My boss asked me the first day back how I was doing. "Rested, but not refueled," I told her. She sent me a long email that night checking in and asking for a meeting because she felt the same way. My boss is awesome. It's great to have a boss who can also be a confidant and friend when you need it.

The kids have been squirrelly too. Today I had chaos 2nd period, and they disregarded my repeated requests for quiet until I smashed the bottom of my fist into the board at the front of the room. Papers hanging from magnets jumped to the floor and the LCD projector screen flapped up dramatically. Kids jumped out of their chairs. Hale and Hardy said "why y'all got to make that man so mad!"

"I'm not mad," I said very quietly. "I'm play-acting right now. Hopefully you'll never actually see me mad." I had no further trouble from them. Wish I could say the same for the 6th graders last period!

Thursday, January 05, 2012

Day #70

Had fun teaching today for the first time in a while. I gave a small test on Shirley Jackson's "The Lottery," which we read this week. We talked a bit about tradition and ritual and human sacrifice, and it was hard to get the kids to go as deep into the story as I would have liked because they're in middle school and they've not lived enough to really get its theme; actually, that's bullshit. I wouldn't have spent three days on it if I truly thought that. Some kids made potent connections to The Hunger Games, some thought of our work with the Holocaust last fall. Some asked serious questions about what motivates people, because the idea of a village doing something like The Lottery isn't really that shocking--and that's what makes the story shocking.

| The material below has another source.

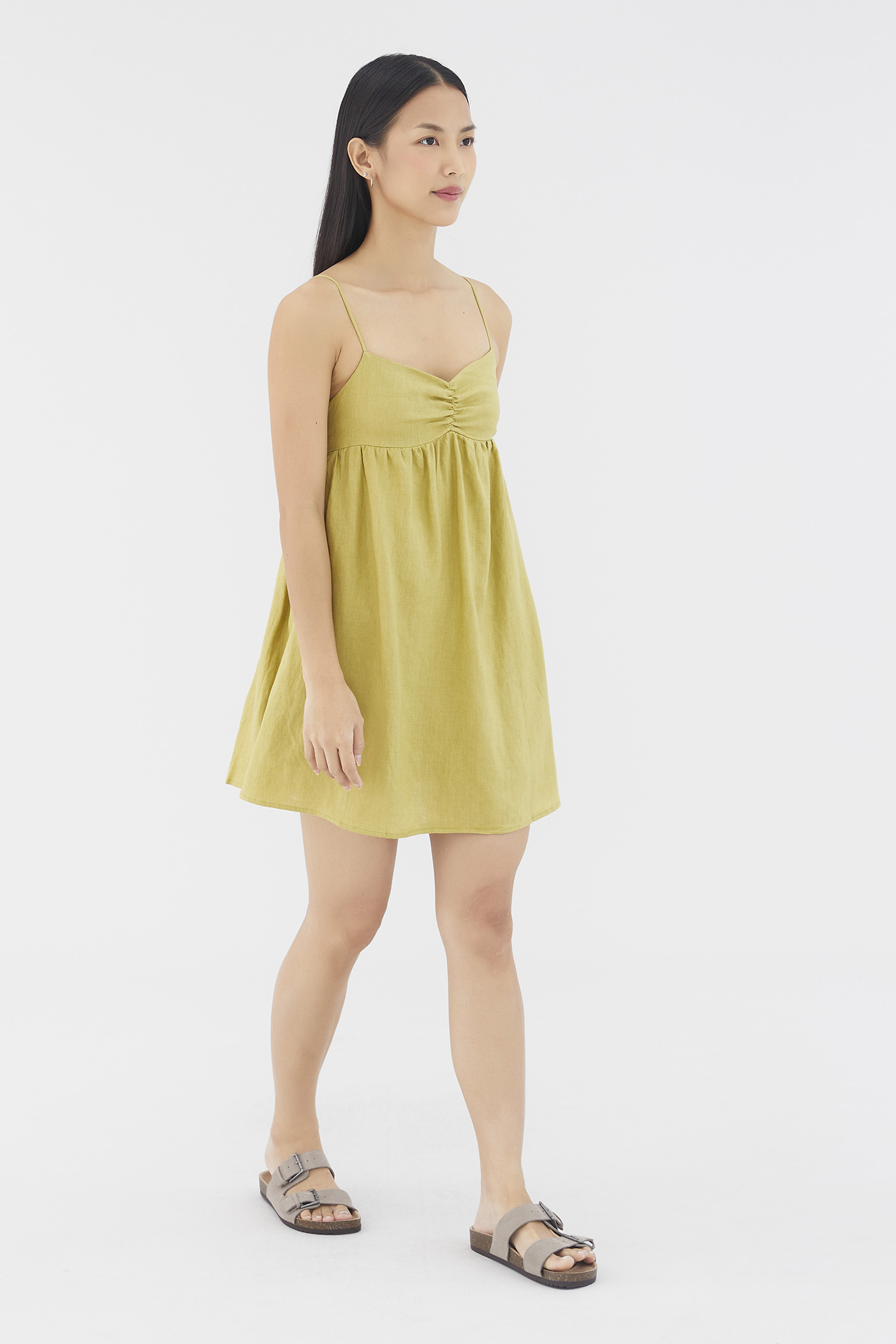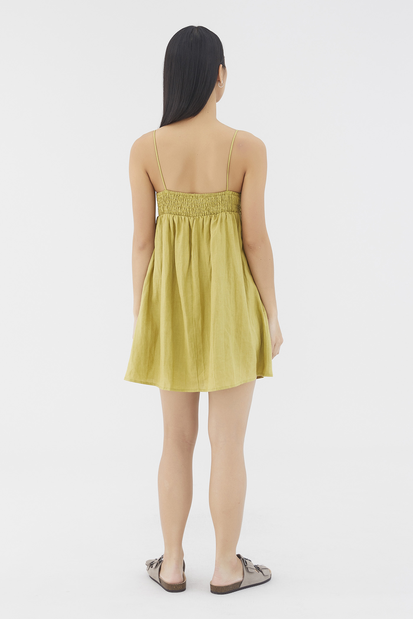 Warm weather approved. Cut from airy and lightweight 100% linen, this sleeveless mini dress features a dipped neckline, a ruched bust, slim non-adjustable shoulder straps, a smocked back and a side zip closure. Worn in an empire-waist silhouette that fits slimmer at the bust before flaring out in a relaxed skirt.

Before I gave the test I showed a fun 1969 film done by the Britannica folks. I'd been thinking the kids didn't give a shit about the story, that they hadn't "got" it, and yet they knew each character as they showed up, and often yelled out the dialogue in advance. Old Man Warner was a hit on screen, just as he was in print: "Crazy damn fools!"

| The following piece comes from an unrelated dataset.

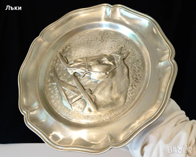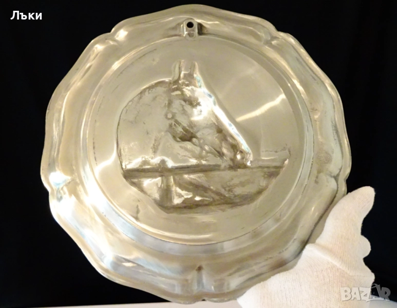 Старинна немска калаена чиния за стена,пано,майсторска ръчна

After the vid I put a desk in the center of the front of the room and I put a big black box on the desk. I called each kid up by their last name and gave out the test from inside the box. The kids were somber at first and then started shouting dialogue or calling each other "Tessie" or "Mr. Summers" or "Davy."

After the test I called them up again and made them draw a slip of paper from the box. Jon got the black dot first period, and he tried to hide under a table as we all pelted him with paper ball rocks. It was a birthday present for him. 2nd period Gasbag got it. He sprawled face down on the center table in my room as the kids beaned him with paper wads. At one point my principal came in to check out the reason for the cacophony, but when she realized it was sanctioned somehow she let it go.

Monday, January 02, 2012

Book #1



If memory serves, I read a short story collection by Denis Johnson back in the mid-90s--I think there were stories set in an ER? One perhaps about a guy with a screwdriver in his head?

Now he's won a National Book Award for a novel I put in my Amazon cart years ago and forgot about, and he's written Train Dreams, which perfectly inhabits the desolate prairie between Flannery O'Connor and Cormac McCarthy. A fantastic little read to start off the New Year.

Now: back to work, and I'm not ready at all.

Sunday, January 01, 2012

Book #46



I close out 2011 with Joan Didion, her subject the lamentably short life of Quintana Roo. Like its predecessor The Year of Magical Thinking, Blue Nights is a deeply sad book, but it is never dreary. Didion at one point writes about her inability to get into the old rhythms of writing, and yet her paragraphs still drift by, the occasional sentence repeating again for rhetorical affect,her pain palpable. Her prose reminds me of Duras with its asequential chronology and impressionist effect. There are quite lovely passages about Quintana which had me turning the book over often to look at her photo, thinking about what I'd read.

I must choose books to read carefully next year, given how Nigh is the End. What books does one read in 2012 when we find out how it all ends? I'll begin the year finishing the books I've substantially started but not completed--that's the hope.